(INFORMATION SUPPLIED begins)
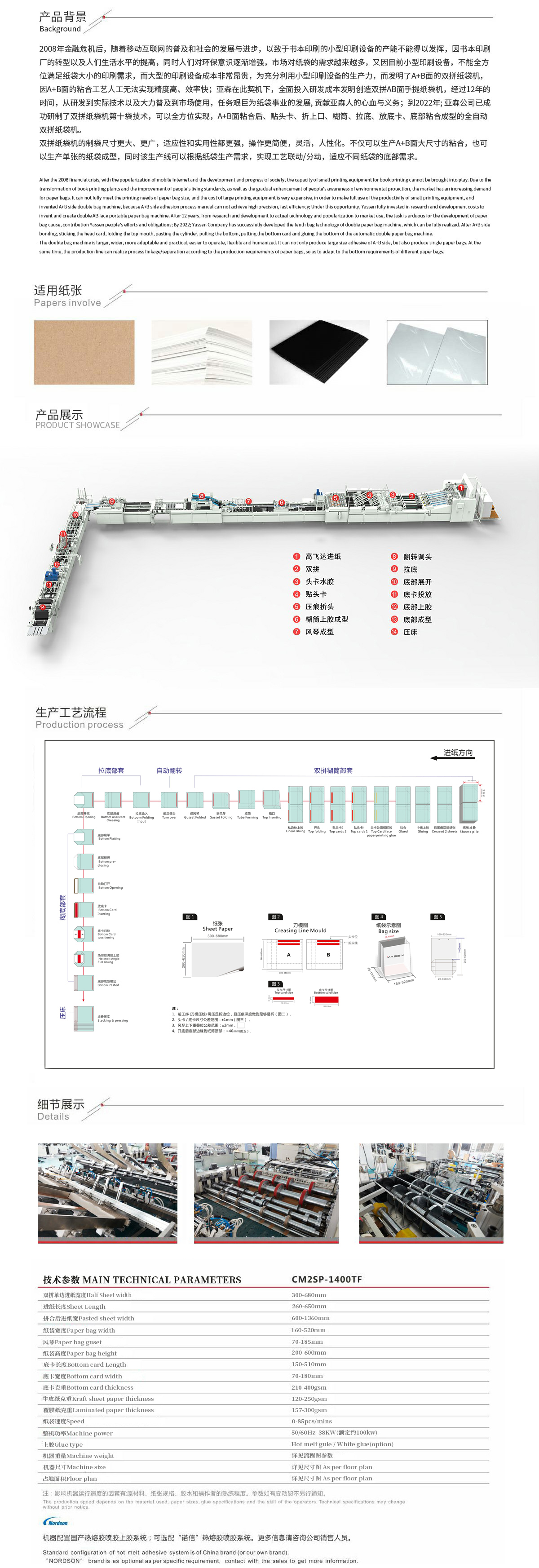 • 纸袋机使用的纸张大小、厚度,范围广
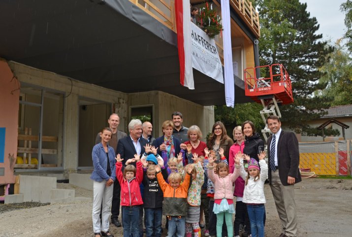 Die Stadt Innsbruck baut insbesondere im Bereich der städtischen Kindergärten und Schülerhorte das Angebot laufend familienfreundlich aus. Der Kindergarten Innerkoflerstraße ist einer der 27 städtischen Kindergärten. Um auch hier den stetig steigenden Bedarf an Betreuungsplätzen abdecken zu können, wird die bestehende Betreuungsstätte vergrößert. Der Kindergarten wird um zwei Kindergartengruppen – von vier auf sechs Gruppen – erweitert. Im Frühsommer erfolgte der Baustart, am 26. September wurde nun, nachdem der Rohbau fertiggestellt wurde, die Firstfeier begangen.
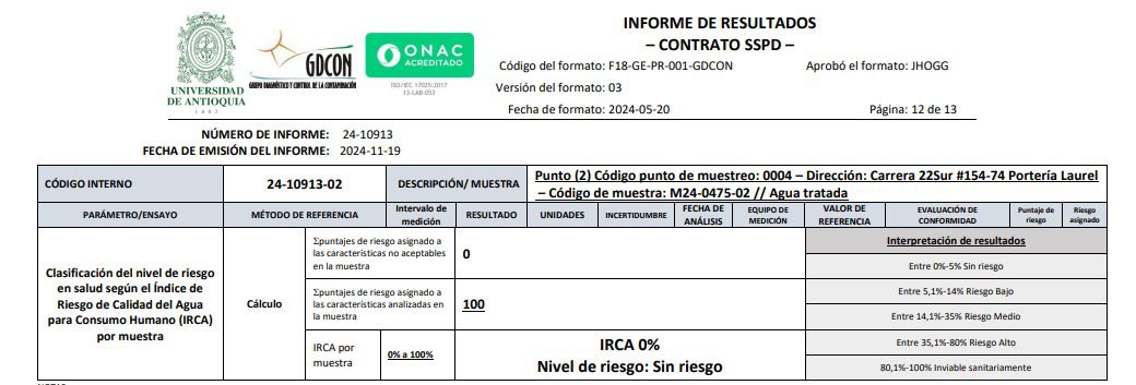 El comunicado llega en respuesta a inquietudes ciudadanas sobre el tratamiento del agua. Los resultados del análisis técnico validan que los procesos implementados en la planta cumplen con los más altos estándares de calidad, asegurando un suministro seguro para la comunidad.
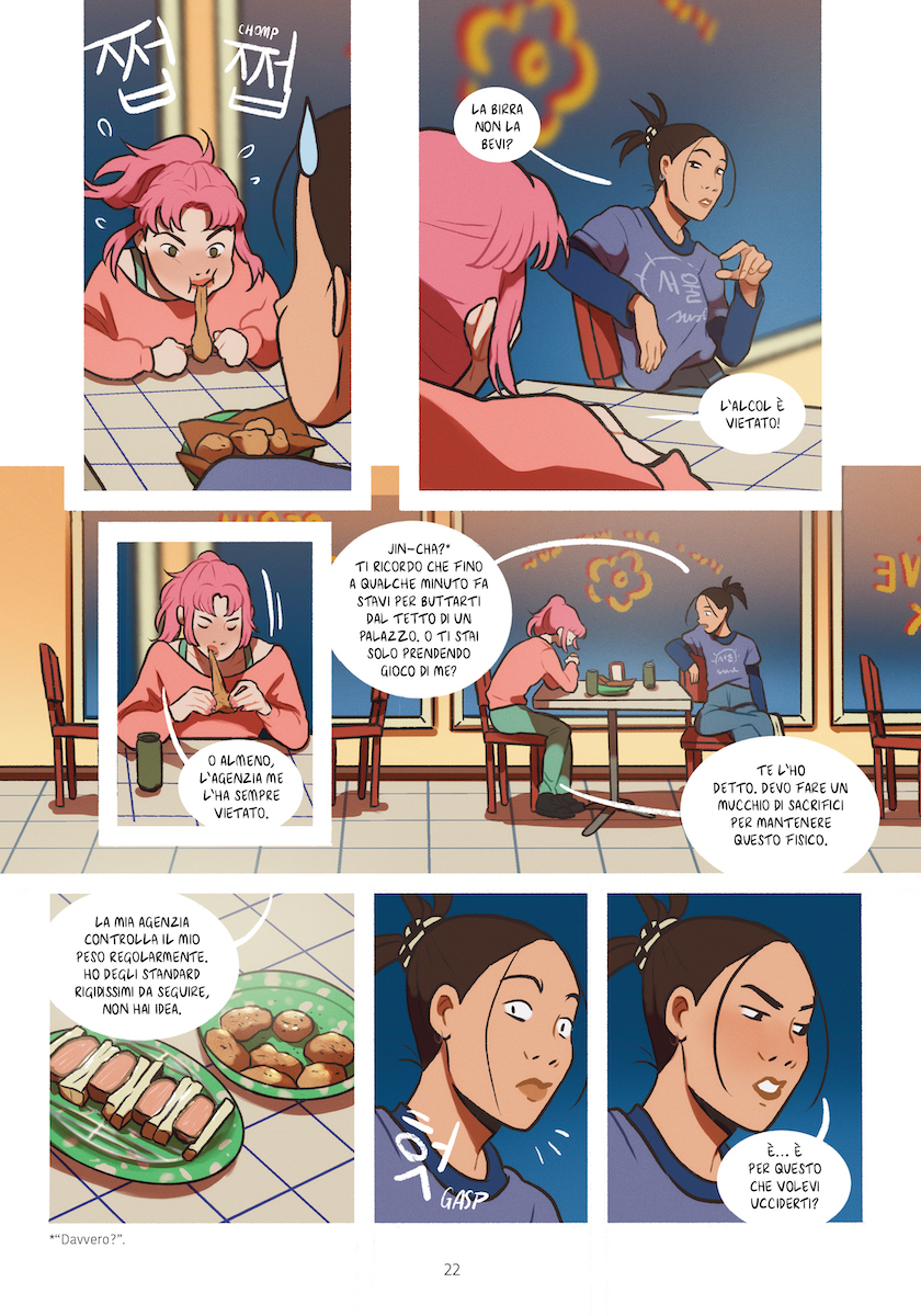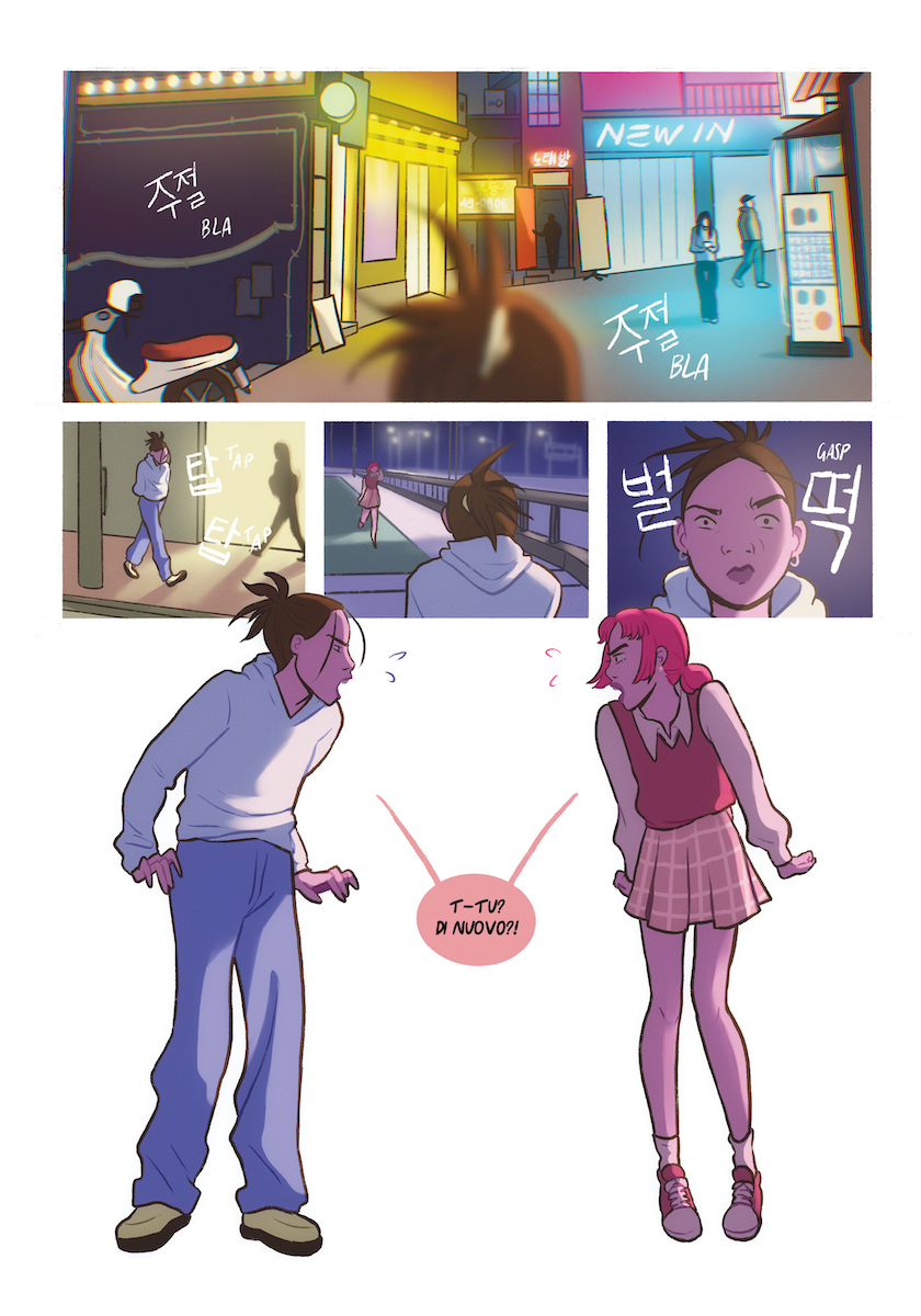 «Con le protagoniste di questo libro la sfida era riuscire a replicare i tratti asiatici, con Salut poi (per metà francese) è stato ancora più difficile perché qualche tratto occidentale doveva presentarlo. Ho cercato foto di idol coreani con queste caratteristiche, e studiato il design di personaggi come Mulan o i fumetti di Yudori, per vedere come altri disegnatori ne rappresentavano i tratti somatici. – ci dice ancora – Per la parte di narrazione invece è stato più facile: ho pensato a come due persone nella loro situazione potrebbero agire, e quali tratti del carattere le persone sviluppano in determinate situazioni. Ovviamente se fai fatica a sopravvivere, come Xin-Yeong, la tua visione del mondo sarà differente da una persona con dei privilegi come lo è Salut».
(INFORMATION SUPPLIED ends)
**PROBLEM TO SOLVE**
Leave out the pictures and give the rest of the material again, unaltered.

**SOLUTION**
 • 纸袋机使用的纸张大小、厚度,范围广
 Die Stadt Innsbruck baut insbesondere im Bereich der städtischen Kindergärten und Schülerhorte das Angebot laufend familienfreundlich aus. Der Kindergarten Innerkoflerstraße ist einer der 27 städtischen Kindergärten. Um auch hier den stetig steigenden Bedarf an Betreuungsplätzen abdecken zu können, wird die bestehende Betreuungsstätte vergrößert. Der Kindergarten wird um zwei Kindergartengruppen – von vier auf sechs Gruppen – erweitert. Im Frühsommer erfolgte der Baustart, am 26. September wurde nun, nachdem der Rohbau fertiggestellt wurde, die Firstfeier begangen.
 El comunicado llega en respuesta a inquietudes ciudadanas sobre el tratamiento del agua. Los resultados del análisis técnico validan que los procesos implementados en la planta cumplen con los más altos estándares de calidad, asegurando un suministro seguro para la comunidad.
 «Con le protagoniste di questo libro la sfida era riuscire a replicare i tratti asiatici, con Salut poi (per metà francese) è stato ancora più difficile perché qualche tratto occidentale doveva presentarlo. Ho cercato foto di idol coreani con queste caratteristiche, e studiato il design di personaggi come Mulan o i fumetti di Yudori, per vedere come altri disegnatori ne rappresentavano i tratti somatici. – ci dice ancora – Per la parte di narrazione invece è stato più facile: ho pensato a come due persone nella loro situazione potrebbero agire, e quali tratti del carattere le persone sviluppano in determinate situazioni. Ovviamente se fai fatica a sopravvivere, come Xin-Yeong, la tua visione del mondo sarà differente da una persona con dei privilegi come lo è Salut».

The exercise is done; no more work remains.